**WORK ITEM**
The line with "Lansinoh Anti-Colic Baby", the line with "4.敌山正面连身带臂将我抱住", and all lines between them in the material below: return these exactly, and no others.

**DATA PROVIDED**
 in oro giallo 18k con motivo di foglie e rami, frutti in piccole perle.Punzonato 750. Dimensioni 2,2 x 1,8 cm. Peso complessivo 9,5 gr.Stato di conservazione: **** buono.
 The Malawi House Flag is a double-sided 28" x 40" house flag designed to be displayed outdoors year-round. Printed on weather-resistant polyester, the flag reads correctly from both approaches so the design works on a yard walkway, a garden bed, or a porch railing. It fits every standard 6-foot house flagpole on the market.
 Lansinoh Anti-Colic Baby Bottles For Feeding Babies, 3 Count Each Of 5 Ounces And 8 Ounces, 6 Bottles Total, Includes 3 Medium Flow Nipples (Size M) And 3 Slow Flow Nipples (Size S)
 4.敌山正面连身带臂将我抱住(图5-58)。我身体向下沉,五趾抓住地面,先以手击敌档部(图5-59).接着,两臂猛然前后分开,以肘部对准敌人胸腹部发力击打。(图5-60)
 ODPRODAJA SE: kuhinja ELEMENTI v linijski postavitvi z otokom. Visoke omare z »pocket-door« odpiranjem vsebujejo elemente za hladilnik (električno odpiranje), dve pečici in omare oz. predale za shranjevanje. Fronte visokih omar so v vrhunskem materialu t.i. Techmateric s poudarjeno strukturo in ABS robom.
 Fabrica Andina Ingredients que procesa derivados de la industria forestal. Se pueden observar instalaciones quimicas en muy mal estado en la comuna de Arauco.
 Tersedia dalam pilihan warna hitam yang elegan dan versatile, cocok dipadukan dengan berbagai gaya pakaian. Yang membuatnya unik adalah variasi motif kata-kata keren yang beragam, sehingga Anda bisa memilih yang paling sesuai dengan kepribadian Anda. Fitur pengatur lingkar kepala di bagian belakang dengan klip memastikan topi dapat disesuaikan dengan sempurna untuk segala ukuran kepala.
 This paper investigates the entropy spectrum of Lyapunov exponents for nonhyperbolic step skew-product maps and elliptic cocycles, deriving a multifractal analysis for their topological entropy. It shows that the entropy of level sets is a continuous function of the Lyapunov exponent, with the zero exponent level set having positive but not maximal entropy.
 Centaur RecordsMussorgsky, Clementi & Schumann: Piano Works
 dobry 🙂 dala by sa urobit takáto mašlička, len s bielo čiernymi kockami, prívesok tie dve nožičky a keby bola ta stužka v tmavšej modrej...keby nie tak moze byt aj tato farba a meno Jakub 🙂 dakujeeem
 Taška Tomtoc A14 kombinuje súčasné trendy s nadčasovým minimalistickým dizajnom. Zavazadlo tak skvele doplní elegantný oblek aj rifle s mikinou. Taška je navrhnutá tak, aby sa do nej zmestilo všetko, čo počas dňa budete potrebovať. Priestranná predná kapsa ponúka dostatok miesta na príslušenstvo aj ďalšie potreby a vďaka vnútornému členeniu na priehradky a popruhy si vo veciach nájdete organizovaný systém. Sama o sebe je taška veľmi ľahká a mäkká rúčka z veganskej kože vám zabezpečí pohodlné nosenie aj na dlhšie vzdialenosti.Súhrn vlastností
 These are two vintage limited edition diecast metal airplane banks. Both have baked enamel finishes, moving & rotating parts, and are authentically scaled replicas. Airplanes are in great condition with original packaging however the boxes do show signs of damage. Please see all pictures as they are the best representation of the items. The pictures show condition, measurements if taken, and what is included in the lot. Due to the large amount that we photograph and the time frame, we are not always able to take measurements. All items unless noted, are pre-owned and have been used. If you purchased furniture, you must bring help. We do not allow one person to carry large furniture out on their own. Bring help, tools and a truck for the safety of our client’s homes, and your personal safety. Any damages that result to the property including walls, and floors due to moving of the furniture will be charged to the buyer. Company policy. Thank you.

**TASK RESULT**
 Lansinoh Anti-Colic Baby Bottles For Feeding Babies, 3 Count Each Of 5 Ounces And 8 Ounces, 6 Bottles Total, Includes 3 Medium Flow Nipples (Size M) And 3 Slow Flow Nipples (Size S)
 4.敌山正面连身带臂将我抱住(图5-58)。我身体向下沉,五趾抓住地面,先以手击敌档部(图5-59).接着,两臂猛然前后分开,以肘部对准敌人胸腹部发力击打。(图5-60)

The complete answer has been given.